Dänemark hat einen Vertrag über vier neue Meeresumwelt- und Minenlegerschiffe unterzeichnet, die die derzeitigen Schiffe der Marine in diesem Bereich ersetzen sollen. Die Schiffe sollen sowohl zivile als auch militärische Aufgaben erfüllen können, darunter Minenlegung, Seeüberwachung und die Wahrung dänischer Souveränität.
Laut einer Pressemitteilung der Dänischen Beschaffungs- und Logistikbehörde des Verteidigungsministeriums (FMI, Forsvarsministeriets Materiel- og Indkøbsstyrelse) wurde der Vertrag mit dem Konsortium Orlogsskibe Danmark geschlossen, das aus den dänischen Unternehmen OSK Design, Karstensens Skibsværft und Hvide Sande Shipyard besteht.
„Ich freue mich, diesen Vertrag zu unterzeichnen. Mit den neuen Schiffen erhält die Marine moderne Fähigkeiten für die Meeresumweltbereitschaft. Sie werden es ermöglichen, Aufgaben im Bereich des Meeresumweltschutzes effizient und im Einklang mit den internationalen Konventionen zu erfüllen, denen Dänemark unterliegt", sagt Flotillenadmiral Claus Lundholm Andersen, Leiter des Marineprogramms bei der FMI, in der Pressemitteilung.
Die neuen Schiffe sind Teil des dänischen Flottenplans im Rahmen des Verteidigungsabkommens 2024 bis 2033. Neben Meeresumwelteinsätzen sollen sie Seeminen legen sowie Aufgaben wie Fahrwasserüberwachung und Souveränitätswahrung unterstützen können. Die Schiffe werden von der FMI beschafft, von der dänischen Marine (Søværnet) bemannt und im Rahmen von Meeresumwelteinsätzen unter dem Ministerium für Gesellschaftssicherheit und Bereitschaft (Ministeriet for Samfundssikkerhed og Beredskab) eingesetzt.
Laut FMI begann die Stahlverarbeitung für den ersten Rumpf am 10. Juni auf der Werft von Karstensens Skibsværft in Danzig (Polen). Der Rumpf soll anschließend nach Hvide Sande (Dänemark) geschleppt werden, wo er ausgerüstet und fertiggestellt wird. Die erste operative Auslieferung ist für den Jahreswechsel 2028/2029 geplant.

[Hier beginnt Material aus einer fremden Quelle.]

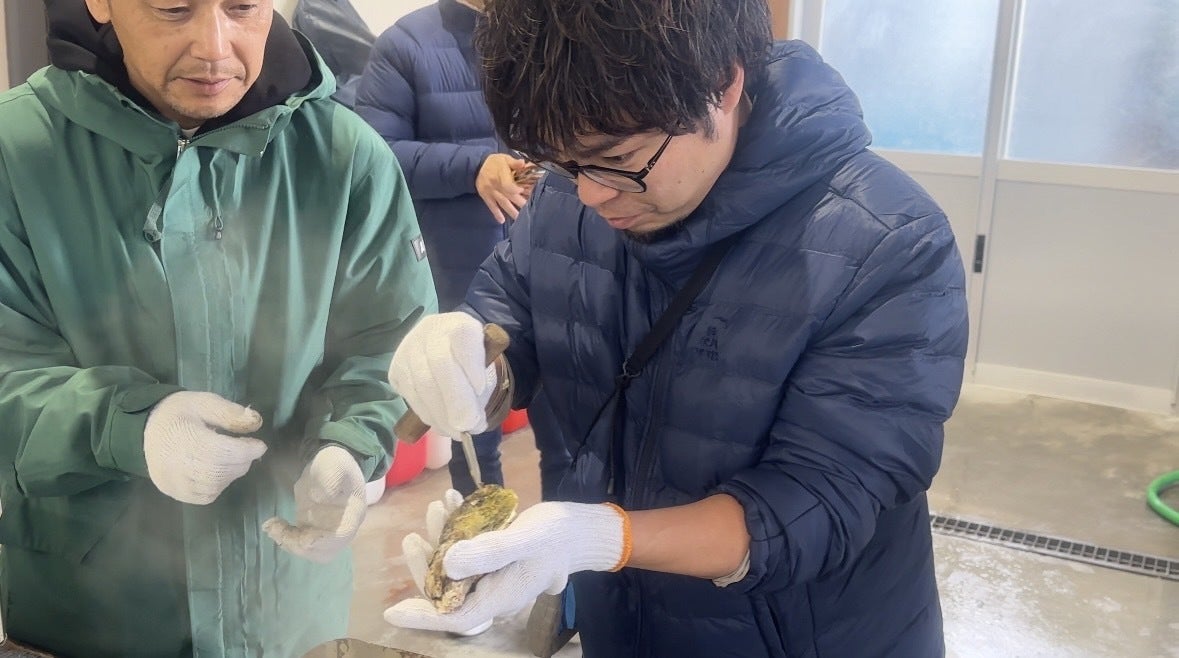 そして、次に向かったのが、奥松島牡蠣のリーダー、浜義丸水産の二宮社長の加工場へ。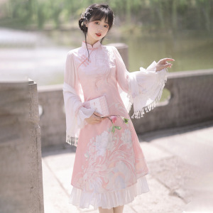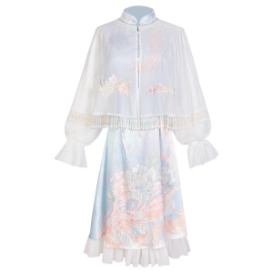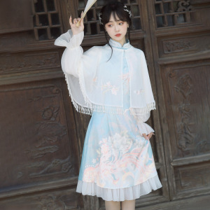 原创设计新款霏花鱼影中国风复古日常汉元素披帛旗袍两件套8345

In einer separaten Pressemitteilung bezeichnet Orlogsskibe Danmark den Vertrag als einen wichtigen Schritt für die dänische Werftindustrie. Das Konsortium hebt hervor, dass es das erste Mal seit 2016 ist, dass neue Schiffe für die dänische Marine auf dänischen Werften gebaut werden, und sieht das Projekt als Beginn einer größeren Rolle der dänischen Industrie bei der maritimen Aufrüstung.
„Für uns geht es nicht nur um vier Schiffe. Es geht auch darum zu zeigen, dass die dänische Industrie eine größere Rolle übernehmen kann, wenn die Marine in den kommenden Jahren gestärkt werden soll", sagt Jacob Høgh Thygesen, Geschäftsführer von OSK Design.
Das Konsortium gibt an, dass Design, Ausrüstung, Fertigstellung und künftige Wartung in Dänemark durchgeführt werden, während die größeren Rümpfe auf der Tochterwerft von Karstensens in Polen gebaut werden. Der Vertrag hat einen Wert von rund 1,9 Milliarden dänischen Kronen, und die Auslieferungen werden zwischen 2028 und 2030 erwartet.